→ **PROBLEM DETAILS**
For the records below, copy exactly the span that begins at the line containing "This Genuine Leather" and stops after the line containing "小学生卒業式かんたん袴 Z806 ジャパンスタイル淡パープル花×モーヴピンク", minus any pictures.

→ **DATA RECORDS**
▬▬▬▬▬▬

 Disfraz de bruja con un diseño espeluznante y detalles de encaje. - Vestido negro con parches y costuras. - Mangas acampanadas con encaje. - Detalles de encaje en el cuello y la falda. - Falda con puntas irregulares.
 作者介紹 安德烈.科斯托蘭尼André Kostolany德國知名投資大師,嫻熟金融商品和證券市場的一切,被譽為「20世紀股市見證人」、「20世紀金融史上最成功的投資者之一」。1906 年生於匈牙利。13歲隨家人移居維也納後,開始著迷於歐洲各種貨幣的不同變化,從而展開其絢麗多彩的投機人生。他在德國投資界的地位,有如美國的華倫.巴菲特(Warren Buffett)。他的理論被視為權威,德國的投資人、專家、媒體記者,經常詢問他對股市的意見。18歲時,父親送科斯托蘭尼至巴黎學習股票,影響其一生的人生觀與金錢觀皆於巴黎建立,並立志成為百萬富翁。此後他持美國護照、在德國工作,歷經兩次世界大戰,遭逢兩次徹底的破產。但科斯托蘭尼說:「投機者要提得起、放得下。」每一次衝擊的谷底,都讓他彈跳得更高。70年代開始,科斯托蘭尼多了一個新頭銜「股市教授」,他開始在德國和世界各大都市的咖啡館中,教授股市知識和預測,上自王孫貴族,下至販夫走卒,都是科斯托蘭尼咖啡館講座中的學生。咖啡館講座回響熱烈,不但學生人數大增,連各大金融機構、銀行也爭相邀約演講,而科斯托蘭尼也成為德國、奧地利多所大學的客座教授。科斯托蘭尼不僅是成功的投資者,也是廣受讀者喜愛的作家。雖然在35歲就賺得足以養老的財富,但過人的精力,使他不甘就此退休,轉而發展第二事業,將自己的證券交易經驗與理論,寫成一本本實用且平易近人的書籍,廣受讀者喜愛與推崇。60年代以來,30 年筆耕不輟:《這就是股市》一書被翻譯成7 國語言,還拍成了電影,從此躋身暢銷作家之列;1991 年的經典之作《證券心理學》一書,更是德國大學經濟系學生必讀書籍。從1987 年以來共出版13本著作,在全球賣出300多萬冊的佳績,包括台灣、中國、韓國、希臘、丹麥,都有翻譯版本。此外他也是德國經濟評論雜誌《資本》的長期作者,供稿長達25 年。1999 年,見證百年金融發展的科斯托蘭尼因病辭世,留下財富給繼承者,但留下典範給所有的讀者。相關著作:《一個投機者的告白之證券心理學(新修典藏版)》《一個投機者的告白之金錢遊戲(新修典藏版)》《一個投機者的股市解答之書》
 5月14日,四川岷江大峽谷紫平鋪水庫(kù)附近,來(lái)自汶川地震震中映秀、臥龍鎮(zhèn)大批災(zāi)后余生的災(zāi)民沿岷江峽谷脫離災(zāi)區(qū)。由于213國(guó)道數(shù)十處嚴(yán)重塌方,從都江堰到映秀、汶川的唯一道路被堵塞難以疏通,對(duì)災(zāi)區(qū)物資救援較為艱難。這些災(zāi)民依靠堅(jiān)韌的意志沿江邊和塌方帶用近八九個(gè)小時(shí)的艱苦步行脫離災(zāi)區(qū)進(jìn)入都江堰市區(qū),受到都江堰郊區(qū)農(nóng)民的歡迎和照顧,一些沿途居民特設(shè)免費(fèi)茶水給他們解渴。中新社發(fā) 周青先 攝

▬▬▬▬▬▬

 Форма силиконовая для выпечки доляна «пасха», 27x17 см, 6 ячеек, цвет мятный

▬▬▬▬▬▬

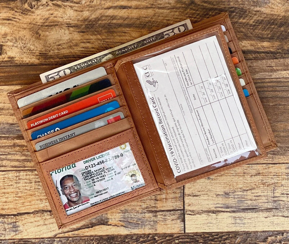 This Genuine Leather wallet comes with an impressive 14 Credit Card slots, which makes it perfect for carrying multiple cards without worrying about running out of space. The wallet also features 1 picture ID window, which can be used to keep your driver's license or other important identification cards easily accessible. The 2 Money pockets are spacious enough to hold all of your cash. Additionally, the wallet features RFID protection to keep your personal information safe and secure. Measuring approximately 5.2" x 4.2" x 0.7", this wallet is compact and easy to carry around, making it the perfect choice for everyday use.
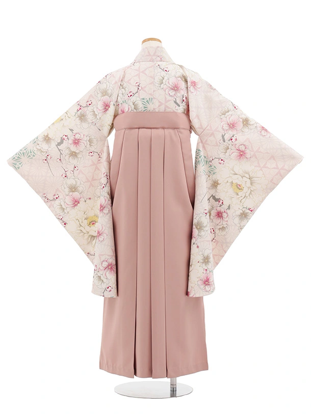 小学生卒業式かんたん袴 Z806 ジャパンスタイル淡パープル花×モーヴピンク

▬▬▬▬▬▬

→ **ANSWER SPACE**
 This Genuine Leather wallet comes with an impressive 14 Credit Card slots, which makes it perfect for carrying multiple cards without worrying about running out of space. The wallet also features 1 picture ID window, which can be used to keep your driver's license or other important identification cards easily accessible. The 2 Money pockets are spacious enough to hold all of your cash. Additionally, the wallet features RFID protection to keep your personal information safe and secure. Measuring approximately 5.2" x 4.2" x 0.7", this wallet is compact and easy to carry around, making it the perfect choice for everyday use.
 小学生卒業式かんたん袴 Z806 ジャパンスタイル淡パープル花×モーヴピンク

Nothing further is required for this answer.